To begin, we represent the vectors graphically by drawing them tip to tail. Vector A is drawn from the origin at 40 degrees, and vector B is drawn at 20 degrees. However, since we need to calculate A - 2B, we first need to determine the negative of vector B and then double it. This means we will draw vector -2B in the opposite direction of B with the same length, effectively creating two segments of vector -B.

Next, we break down the vectors into their components using trigonometric functions. The x and y components of vector A can be calculated using:

A_x = A * cos(θ) and A_y = A * sin(θ),

where θ is the angle of the vector. For vector A, this results in:

A_x = 10 * cos(40°) ≈ 7.7 and A_y = 10 * sin(40°) ≈ 6.4.

For vector B, the components are calculated similarly:

B_x = B * cos(20°) ≈ 2.8 and B_y = B * sin(20°) ≈ 1.

Now, to find the resultant vector R, we combine the components according to the equation:

R_x = A_x - 2 * B_x and R_y = A_y - 2 * B_y.

Substituting the values, we find:

R_x = 7.7 - 2 * 2.8 = 2.1 and R_y = 6.4 - 2 * 1 = 4.4.
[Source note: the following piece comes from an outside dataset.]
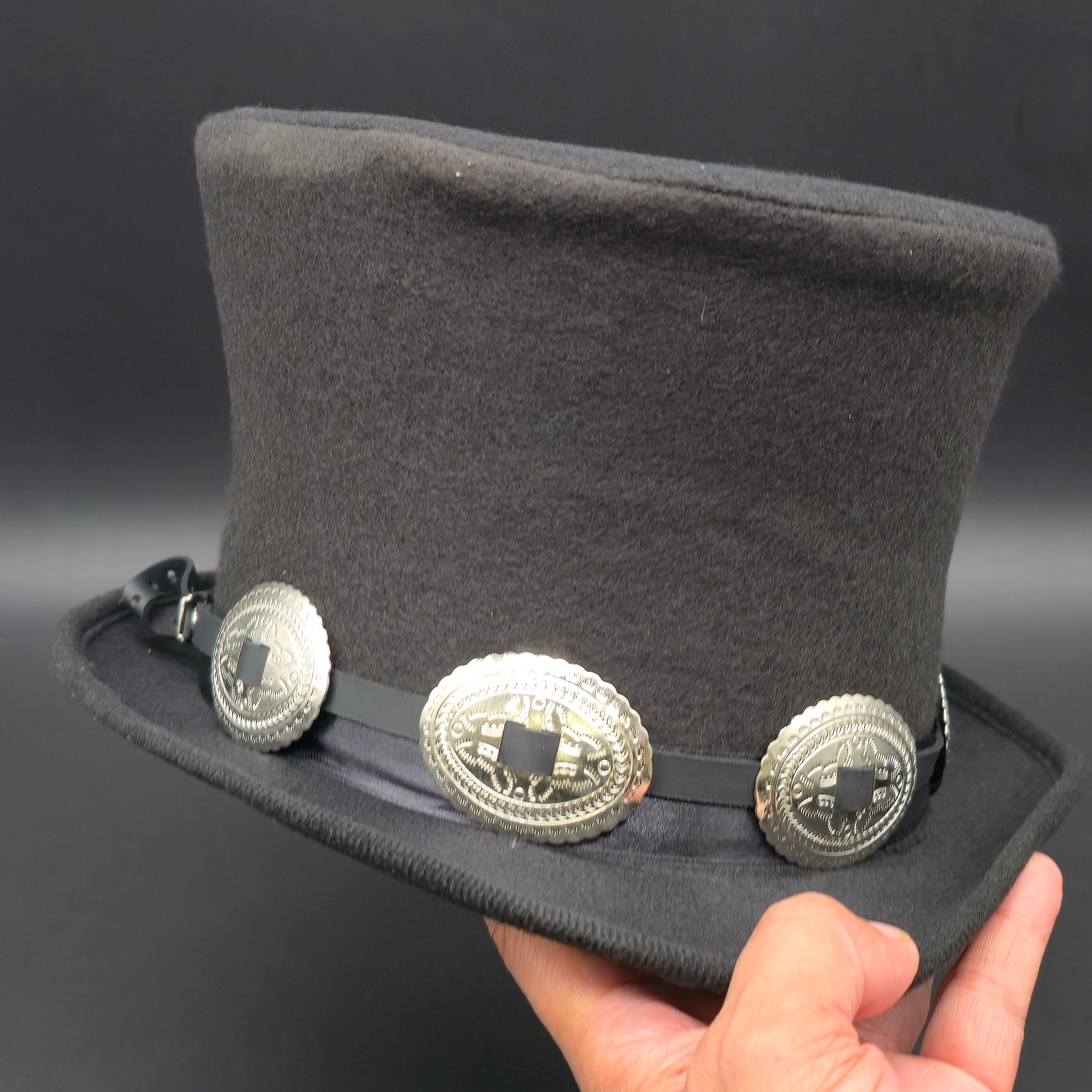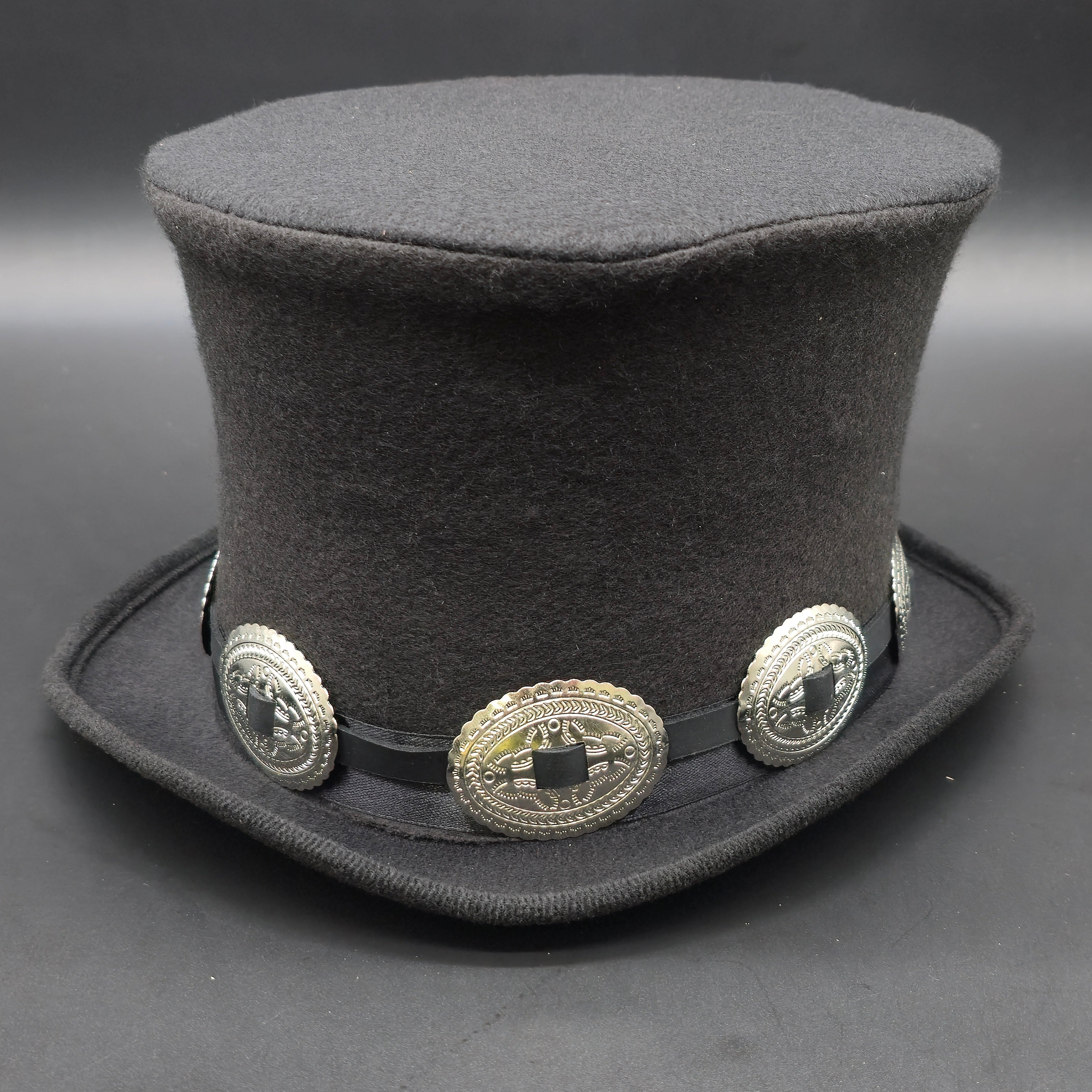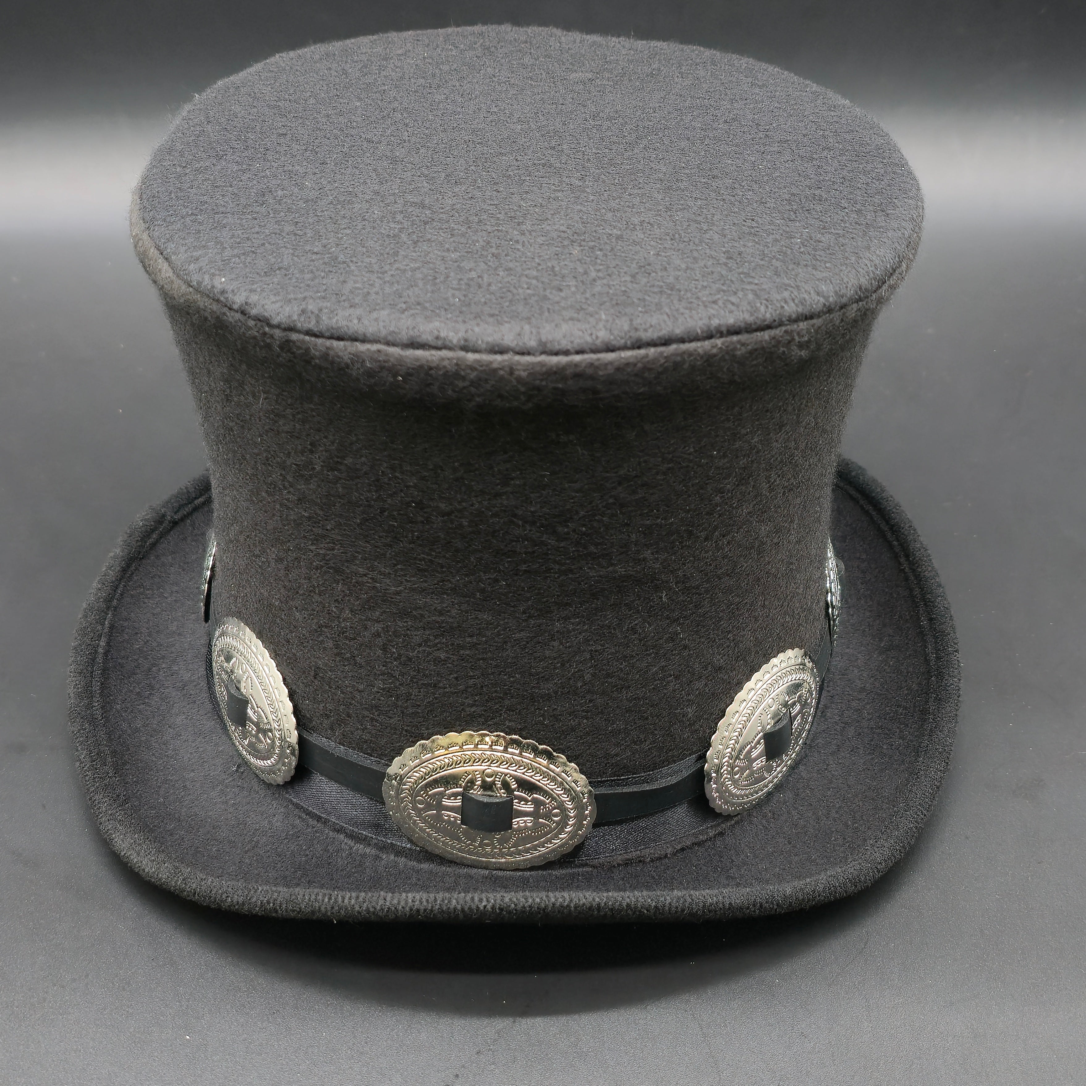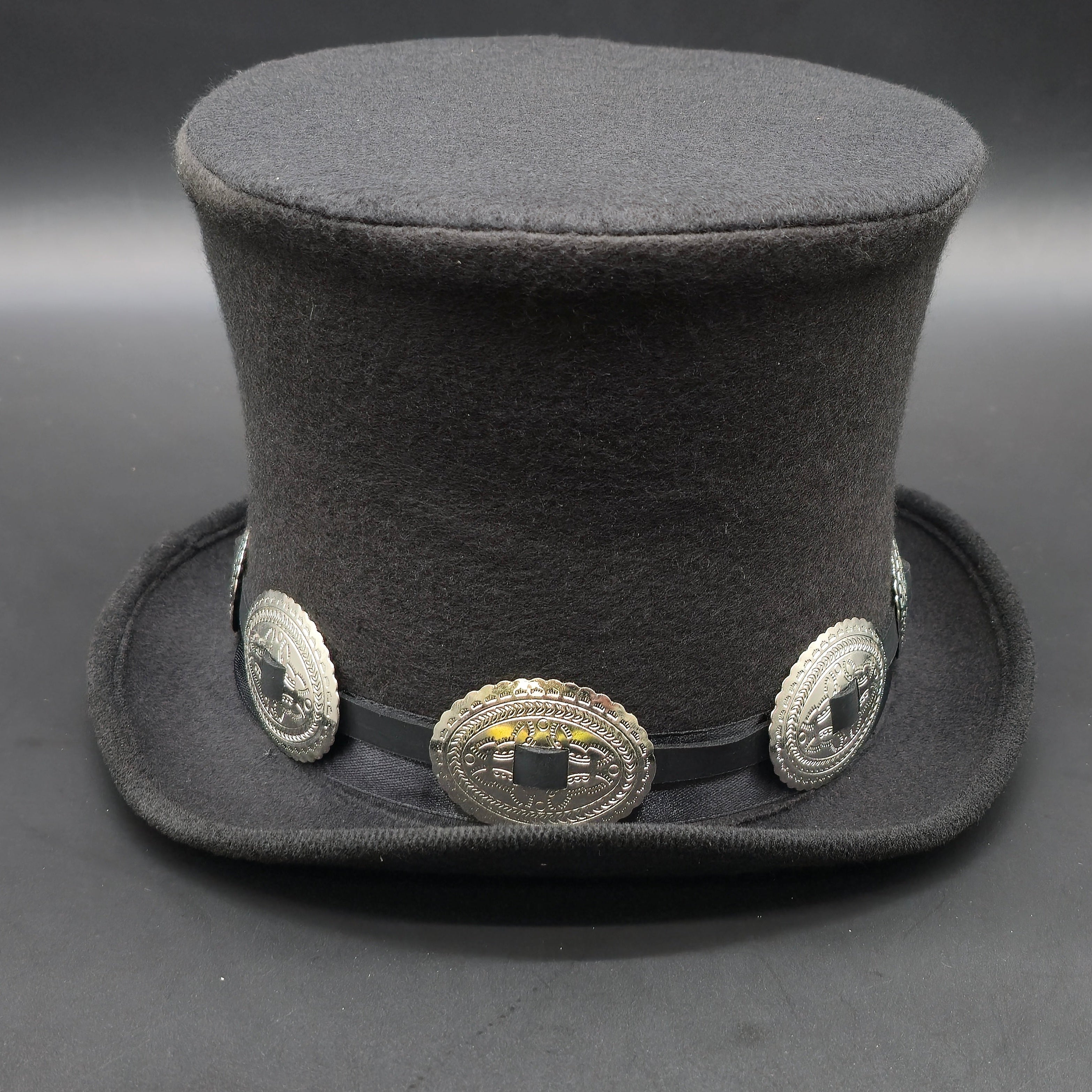 Rock Star Top Hat Concho Black Felt Victorian Mad Hatter Slash Cosplay Costume (Copy)

With the components of the resultant vector determined, we can now calculate its magnitude and direction. The magnitude |R| is found using the Pythagorean theorem:

|R| = √(R_x² + R_y²) = √(2.1² + 4.4²) ≈ 4.9.

To find the direction, we use the arctangent function:

θ_R = tan^-1(R_y / R_x) = tan^-1(4.4 / 2.1) ≈ 64.5°.

In summary, the resultant vector R has a magnitude of approximately 4.9 and is directed at an angle of about 64.5 degrees from the positive x-axis.